If you want a bit that's full-on knee-slapping belly laughs every time, it doesn't get better than the Walker Lever.

Conan pulling Walker Lever

Chuck Norris died this week. The legendary actor, martial artist, and sometime spokesman for crappy fitness products I talked my parents into buying so I could get buff as a teenager was 86, but the version of Chuck Norris the internet knows and loves passed on quite a while ago, if he ever existed at all.

If you were around the web in the 2000s, you know what I'm talking about. After Norris's prime years as an action star were in the rearview, his legend continued to grow, until the version of Chuck Norris we all knew and memed was something closer to a cartoon character than a person. Thousands of memes about Norris's impossible toughness and martial prowess flooded pop culture, making him into something like a social media folk hero even as his real-life escapades devolved into stumping for conservative politicians and doing commercials. That means that the best tributes to the late action icon have already happened, and the best of the best was born more than two decades ago, on Late Night with Conan O'Brien.

I'm obsessed with Conan's Late Night show. I used to stay up late on Friday nights to catch episodes, marveling at the idea that this strange, irreverent performer was allowed to get away with everything he and his merry band of comedy chaos agents carried out on the show. You really never knew what you'd get from a Late Night episode, which is why, one night in 2004, it seemed both inevitable and impossible that Conan was introducing the Walker Lever.

The bit went like this: Because GE and NBC merged to form NBC Universal in the early 2000s, Conan and his crew had fresh access to episodes of Norris's legendary series Walker, Texas Ranger. So, to celebrate this freedom, Conan had a lever installed at his desk that, when pulled, would play a random clip from a Walker episode, usually involving either absurd violence, out-of-context insane dialogue, or both. Now, believe me when I tell you that I think Late Night with Conan O'Brien is one of the most important pieces of comedy ever produced in the 1990s and 2000s. It's an essential, and it paved the way for so many other comedy weirdos to carry Conan's style, which was itself built on David Letterman's style, forward into new eras. Every part of it is important to me, but if you want a bit that'll just drop full-on knee-slapping belly laughs every single time, it doesn't get better than the Walker Lever. Watch the video above, thank me later.

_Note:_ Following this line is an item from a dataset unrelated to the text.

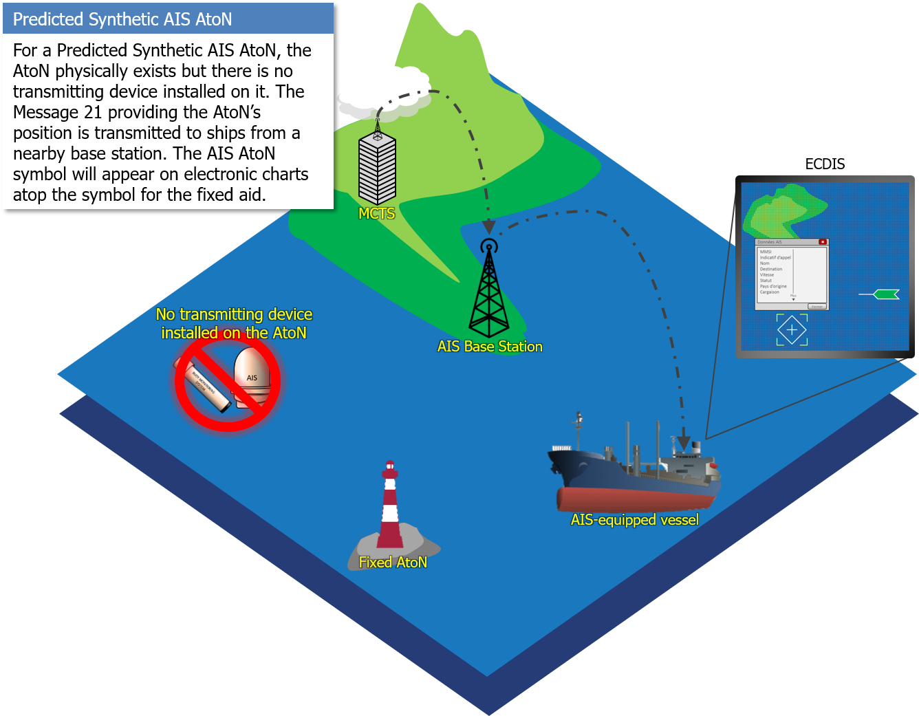 A Predicted Synthetic AIS AtoN is an AIS Message 21 broadcast from an AIS shore station or an AIS unit installed on another device (e.g., a fixed or floating aid). The AtoN on which the AIS Message 21 is broadcast physically exists, but neither the position nor the status are monitored.

So, why bring this up now? Well, first of all, you'll find I'm far from the only one praising the Walker Lever after Norris's death, but more importantly: The version of Chuck Norris we as comedy and action fans love is a version that perhaps never quite existed. The ultimate tough guy, the indestructible bundle of pure American grit? That guy was an invention both of Norris's films and pop culture at large, and Conan's Walker Lever is the best celebration of that guy's continued impact. It's the natural and absurd conclusion to Norris's mythologization, and for me at least, the way I want to remember him.